A Randomized Clinical Trial of Infrared Coagulation Ablation Versus Active Monitoring of Intra-anal High-grade Dysplasia in Adults With Human Immunodeficiency Virus Infection: An AIDS Malignancy Consortium Trial

Abstract

Background: Anal high-grade squamous intraepithelial lesions (HSILs) ablation may reduce the incidence of invasive cancer, but few data exist on treatment efficacy and natural regression without treatment.

Methods: An open-label, randomized, multisite clinical trial of human immunodeficiency virus (HIV)-infected adults aged ≥27 years with 1-3 biopsy-proven anal HSILs (index HSILs) without prior history of HSIL treatment with infrared coagulation (IRC).

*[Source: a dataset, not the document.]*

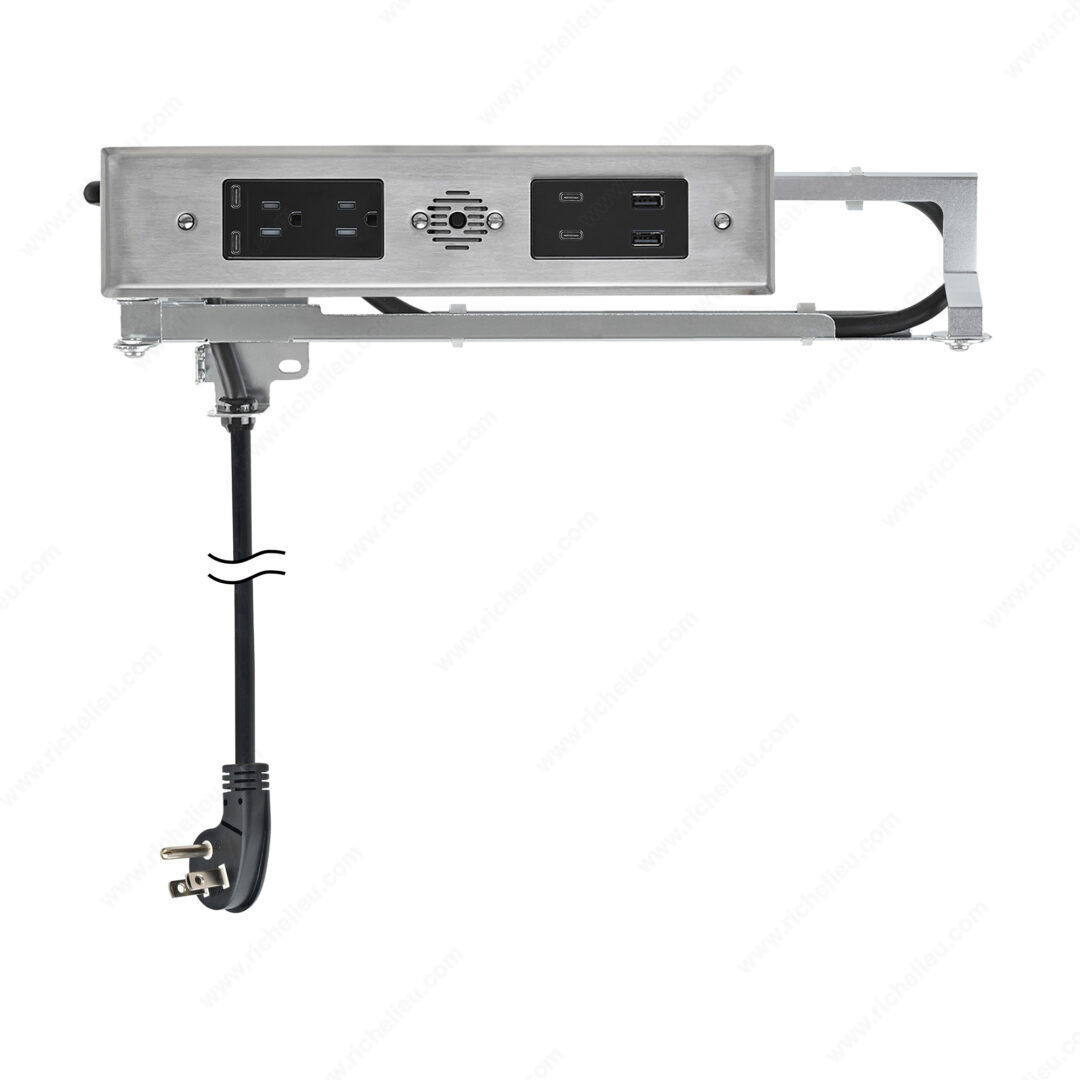 Richelieu WEBSO1250219 Blade Series Deep Cabinet Blade Duo Docking Drawer 1514-278-X30 offers an innovative solution for modern kitchens, combining safety, quality, and sleek design. As the only ETL-Listed in-drawer outlet, it features extended cable management arms that accommodate deeper and wider cabinets, perfect for contemporary kitchen islands. This design ensures that cords are neatly guided and protected as drawers open and close, eliminating clutter and enhancing usability. Safety is paramount with this docking drawer, which includes a built-in thermostat that automatically cuts off power if temperatures exceed 120 °F (49 °C), providing peace of mind during use. Constructed from premium all-metal components, this outlet is built to last and designed to adapt to evolving technology. Equipped with an impressive connectivity suite, the outlet supports 2 USB-C ports at 65W and 30W, 2 USB-A ports, and 2 AC outlets, making it perfect for charging multiple devices simultaneously. Its recessed mounting and stainless steel finish give it a polished look that complements any kitchen decor. With a height and width of 2-17/32 in and a length of 11-1/4 in, this docking drawer is compact yet highly functional. Transform your kitchen experience with the Richelieu Blade Series Docking Drawer.
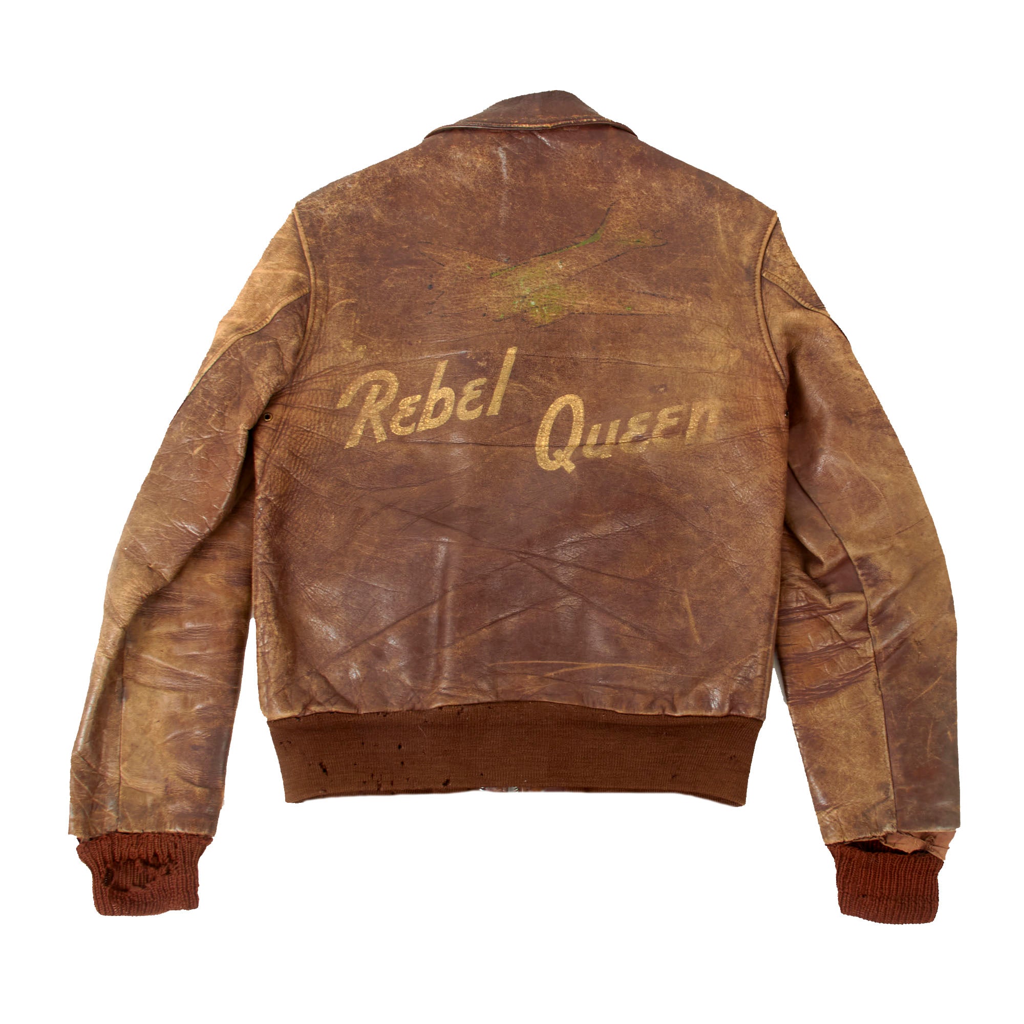 Original Item. One-of-a-Kind. This is the outstanding A-2 Flight Jacket of Distinguished Flying Cross Recipient & Bombardier Lieutenant Charles A. Huggins, 94th Bombardment Group, who served aboard the B-17 “Rebel Queen” during 26 missions in France and Germany. The jacket is beautifully painted to the back with the Rebel Queen but there is heavy wear and paint loss. We were able to source his DFC Citation, which reads:

Participants were randomized 1:1 to HSIL ablation with IRC (treatment) or no treatment (active monitoring [AM]). Participants were followed every 3 months with high-resolution anoscopy. Treatment participants underwent anal biopsies of suspected new or recurrent HSILs. The AM participants underwent biopsies only at month 12. The primary end point was complete clearance of index HSIL at month 12.

Results: We randomized 120 participants. Complete index HSIL clearance occurred more frequently in the treatment group than in the AM (62% vs 30%; risk difference, 32%; 95% confidence interval [CI], 13%-48%; P < .001). Complete or partial clearance (clearance of ≥1 index HSIL) occurred more commonly in the treatment group (82% vs 47%; risk difference, 35%; 95% CI, 16%-50%; P < .001). Having a single index lesion, compared with having 2-3 lesions, was significantly associated with complete clearance (relative risk, 1.96; 95% CI, 1.22-3.10). The most common adverse events related to treatment were mild or moderate anal pain and bleeding. No serious adverse events were deemed related to treatment or study participation.

Conclusion: IRC ablation of anal HSILs results in more clearance of HSILs than observation alone.

Trial registration: ClinicalTrials.gov NCT01164722.

Keywords: HSIL; ablation; anal cancer; high-grade dysplasia; human papillomavirus.

© The Author(s) 2018. Published by Oxford University Press for the Infectious Diseases Society of America. All rights reserved. For permissions, e-mail: journals.permissions@oup.com.

Figures

Figure 1.

Participant disposition flow diagram. The modified intention-to-treat (ITT) analysis included all participants who attended the baseline visit. Both participants categorized as not evaluable had 2 index lesions at enrollment, and at 12 months, 1 biopsy site was benign and 1 was not evaluable; for both participants, the result was considered a failure for the primary outcome. Abbreviations: HSILs, high-grade squamous intraepithelial lesions; IRC, infrared coagulation.

Figure 2.

Kaplan-Meir Probability of high-grade squamous intraepithelial lesion (HSIL) diagnosis after initial infrared coagulation (IRC) treatment for IRC arm and active monitoring (AM) arm after crossover to IRC treatment. Those in the AM arm were not treated for the first 12 months. Those with HSILs at month 12 could then be treated and followed up for recurrence for an additional 12 months.